I learned how to build walls; I learned how to avoid detection – flying under the radar so I wouldn’t be noticed. People who don’t get noticed don’t get hurt. I also learned how to take care of myself, how to survive. When I built those walls I did so to not only keep people out, but to keep God out. I couldn’t believe that a loving God would have allowed a child to have suffered and lived through some of the things I had.
They say that we soften with age. I turned 50 last week. Age does not soften people who live inside fortresses. Wisdom is what softens the heart and soul and it’s not the wisdom that comes with the experiences of life. True wisdom is imparted by the Spirit of God with which He also gives understanding.

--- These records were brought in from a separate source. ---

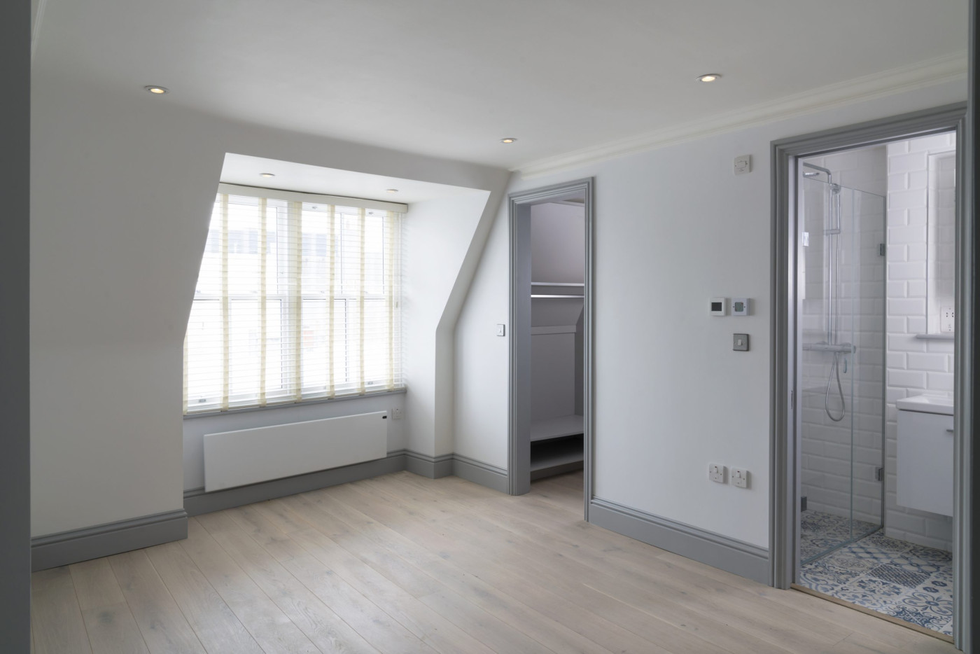 Working with a modest budget, the details and finishes for each flat create a contemporary, high quality design that makes subtle references to period details appropriate to the original building.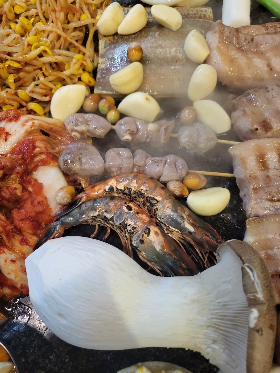 찐으로 삼겹살부터 새우 염통 껍데기 다 맛있습니다.. 이럴수가 있나 싶을 정도..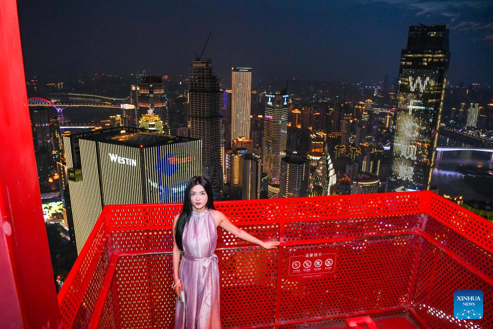 A tourist poses for photos with the night view of Chongqing Municipality, southwest China, May 30, 2024. (Xinhua/Wang Quanchao)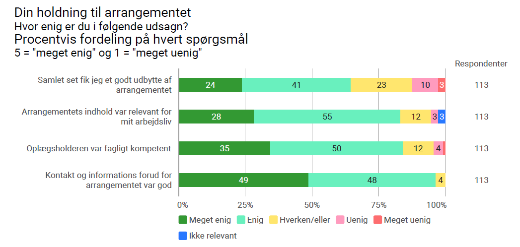 “Det er også vigtigt at nævne, at vi kun har evalueringer fra 113 deltagere, mens der var over 200 øvrige live-deltagere, som vi ikke har hørt fra – deres oplevelse kender vi derfor ikke. Generelt er det ofte de mere kritiske stemmer, der prioriterer at besvare evalueringer, så det er vigtigt at læse kommentarerne med dette for øje; de repræsenterer ikke nødvendigvis det samlede billede af deltageroplevelsen.“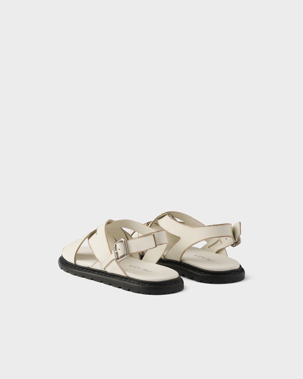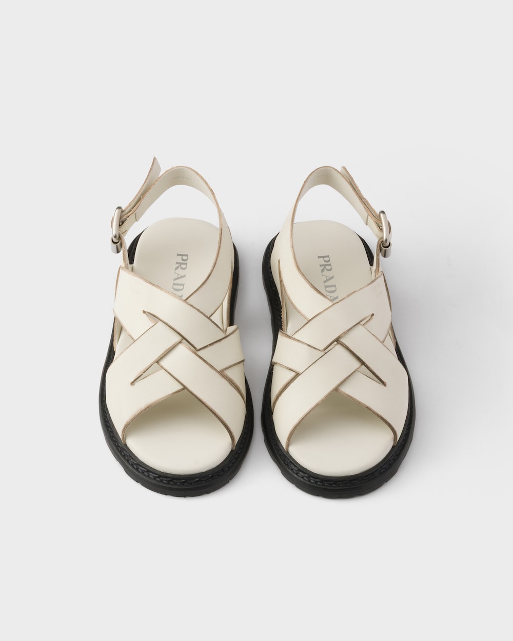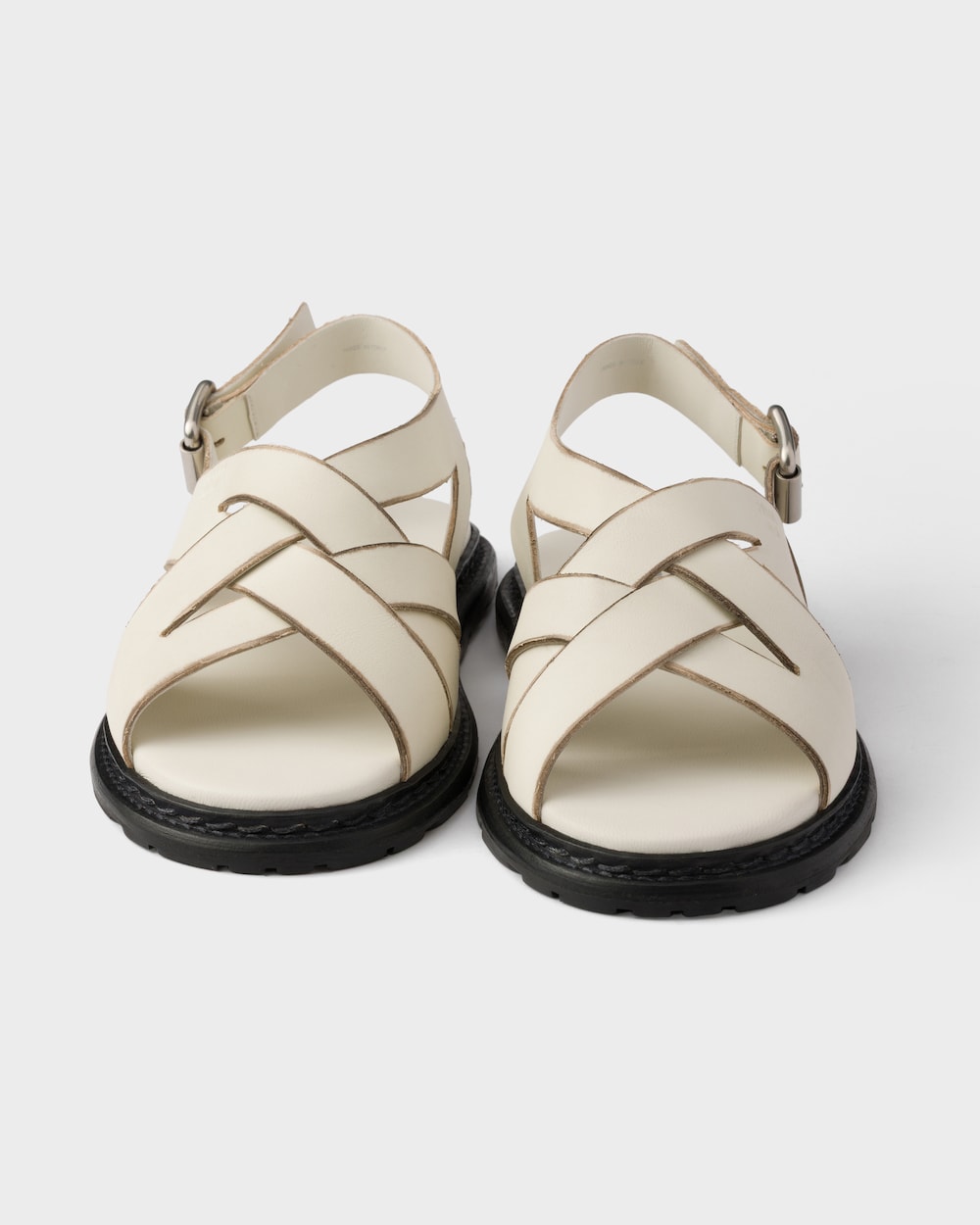 アンティーク加工レザーのクリスクロスデザインサンダル。レトロなインスピレーションとスポーティなディテールを組み合わせています。

Today, when I look back throughout those many years, I can honestly say that these were the years that prepared me for the future. Understand that those walls I built were constructed for protection. My lack of vision and understanding caused undue hardship. But God is so good: while I was building walls, He was installing doors all around my fortress, giving me an easy way out. I just couldn’t see the big picture. I wouldn’t allow myself to recognize that there were door knobs surrounding me.
When I finally came to the end of myself and realized that I was surviving but not living, it was then – through my tears and desperation – that I began to see that there was a way out of the prison I had locked myself into. People have asked me why wouldn’t God put the knobs on the outside and just come in and rescue me. The answer is so simple. God doesn’t bust through walls. He’s a gentleman; He waits for an invitation. He made a way out for me and I chose to remain inside.
God saw the big picture. While I could only see what was directly under my nose – He saw what He would be able to do with me – with my life. God waited for me to want a way out; it was only then that I actually began to see all the door knobs He had placed there. Today I don’t merely survive; today I thrive.
“‘Can a man hide himself in secret places so that I cannot see him?’ declares the LORD. ‘Do I not fill heaven and earth?’ declares the Lord.” Jeremiah 23:24 ESV.